I’m no comedy critic, but I know humor when I see it. Even more acutely, I recognize its lack where it’s intended. This is especially true for one tired joke delivered by older folks.
In any iteration of the joke, the humorist feigns to deign as they explain some outdated technology to younger hearers.
Here are some examples:
“Do you even know what a phone booth is?”
“This is back in the day when we had to actually write each other letters.”
“If we went back to cursive and rotary phones, we could cripple an entire generation.” (This one comes verbatim from a meme shown to me, as if I should laugh with someone who would want to debilitate the society their grandchildren will build.)
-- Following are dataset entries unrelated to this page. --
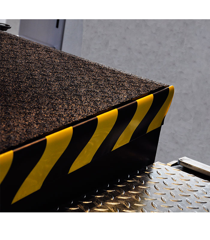 Dank der gelb-schwarzen Warnmarkierung wird der Bereich klar gekennzeichnet und die Sicherheit beim Andocken und Entladen erhöht – Erfüllt die Anforderungen nach Sicherheits- und Gesundheitsschutzkennzeichnung (ASR A1.3)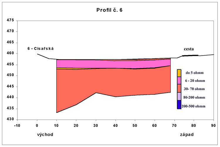 Profil č.6 u Císařské jeskyně je absolutně nejhlubším profilem, který byl ve žlebu proměřen (maximální hloubky dosahují až 25,5 m oproti maximálním hloubkám na ostatních profilech, které dosahují cca 12 m) a ukazuje na to, že v severně od Ostrova u Macochy existovala závěrová stěna poloslepého údolí nebo hluboký závrt, dnes vyplněný sedimenty (viz obr.7). Nad relativně homogenními sedimenty s měrnými odpory 15 - 33 ohmm v hloubkách od vápencového podkladu až cca 4 m pod povrch byla v celém profilu změřena nízkoodporová vrstva v hloubce cca 4 m (5 ohmm), která koresponduje výškově i odporově s obdobnými sedimentárními výplněmi na profilech 2, 5, 7, 8, 9 a 10.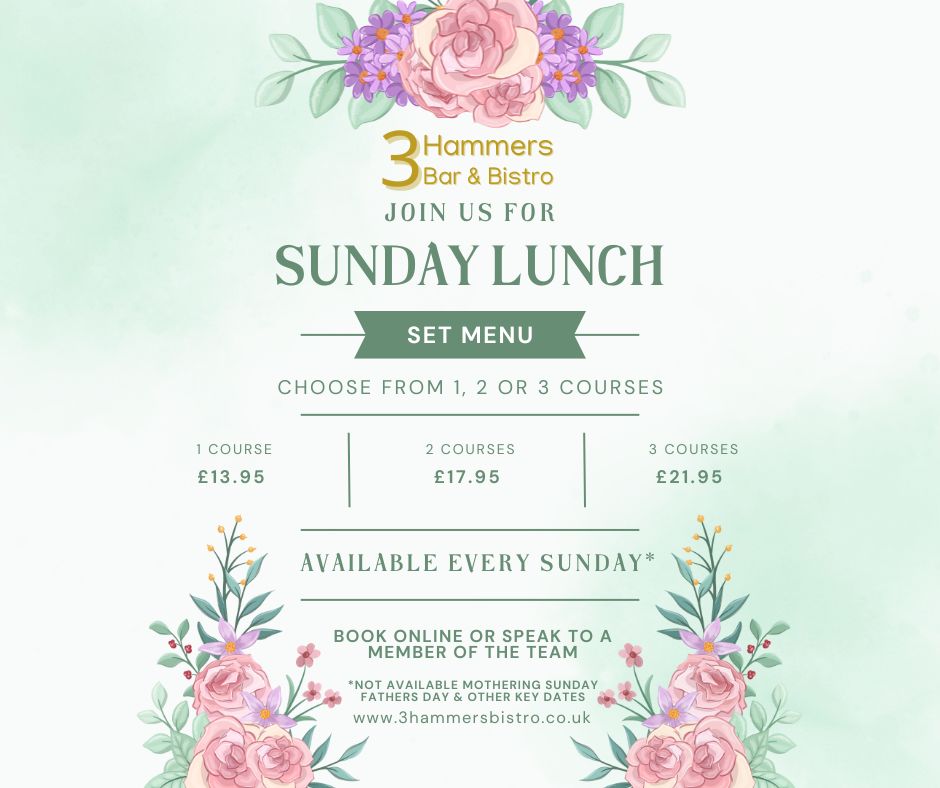 Follow us on Facebook @3hammersbistro for our opening times and latest offers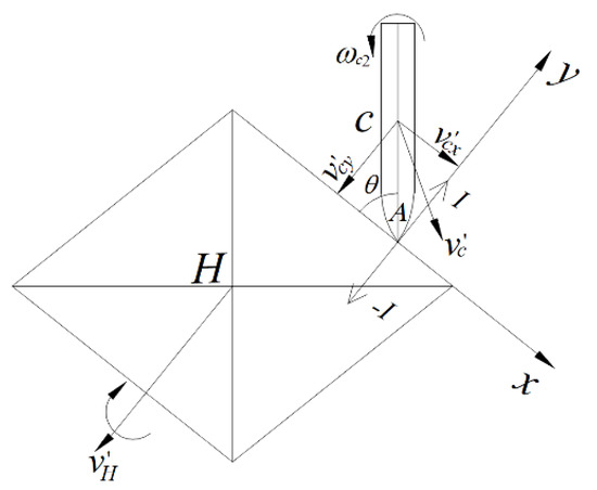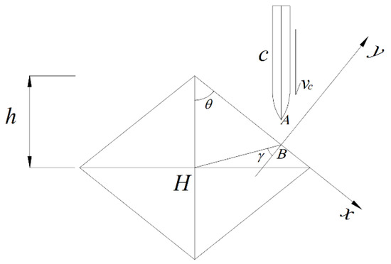 The diamond-shaped moving target has central symmetry, so only one of its four surfaces is analyzed. The kinematic models of the projectile and the diamond-shaped moving target before and after the impact are respectively displayed in Figure 3 and Figure 4. The center of mass of the diamond-shaped target is H, and its mass and moment of inertia are, respectively, and . The distance between its centroid and top is , where the top indicates the point of the spire. The centroid of the projectile is c, the mass of the projectile is mc, and the moment of inertia of the projectile around its centroid is . The angular velocity of the projectile, , before the impact is 0, and its velocity is , which is equal to its flight speed.
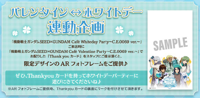 ถ้าแค่นั้นยังไม่พอ ผู้มาเยือนที่แสดงการ์ดขอบคุณจากงาน SEED x GUNDAM Café Valentine Party ~C.E.0069ver.~ กับสตาฟจะสนุกไปกับเฟรม AR Photo Frame อีกใบให้ใช้ในร้านในฐานะส่วนหนึ่งของการฉลองร่วมระหว่างวันวาเลนไทน์/ไวท์เดย์ อย่าลืมที่จะนำการ์ดขอบคุณเพื่อเข้าร่วมในงานนี้พร้อมกับปาร์ตี้วันไวท์เดย์กันล่ะ!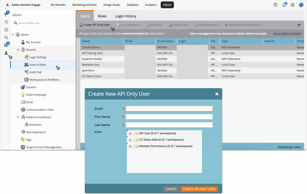 - On the left side menu, select the Person Icon as shown in the image above, this will open up the Admin menu. Within the Admin sub menu, select Users & Roles. Here we will need to create an API-Only user for the CrowdComms CMS integration.
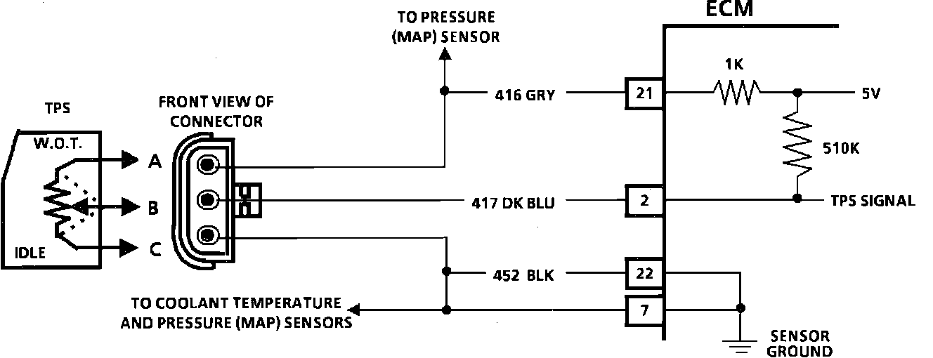 6. The 510K ohm pull-up resistor inside the ECM should cause CKT 417 (terminal "B") to have 5 volts if the TPS is disconnected, unless CKT 417 is shorted to ground, or the ECM is faulty. If the ECM is putting 5 volts on CKT 417 (terminal "B"), but does not indicate an over 4.50 volt TPS signal on the "Scan" tool, the ECM is faulty.

If you’ve shared this type of content online or orally to me, don’t take personal offense; I love you and appreciate our relationship. In my mind, I’ve literally grandfathered you in and pardoned you for forwarding this unfunny joke. You aren’t entirely to blame because you weren’t the first to come up with it. But this lack of originality only contributes to the joke’s lack of amusement.
Still, even if it were less ubiquitous, the joke wouldn’t earn a chuckle from me because it comes from a sad place.
They say anytime you have to explain a joke, it’s no longer funny. But that is my goal here.
I can’t claim authorship of this insight, but the argument goes that the joke is a coping mechanism for the teller’s fear of inadequacy in a quickly-changing world. As the TV dial, phone book, and switchboard operator have gone the way of the dodo, so too does the wannabe funnyman sense his uselessness in a world where technology updates faster than the King of Cool on a motorcycle.
Maybe I’m reading too much into it. Maybe “it’s just a joke!” Maybe there’s inferiority in my subconscious because I don’t know how to use technologies that once turned the world.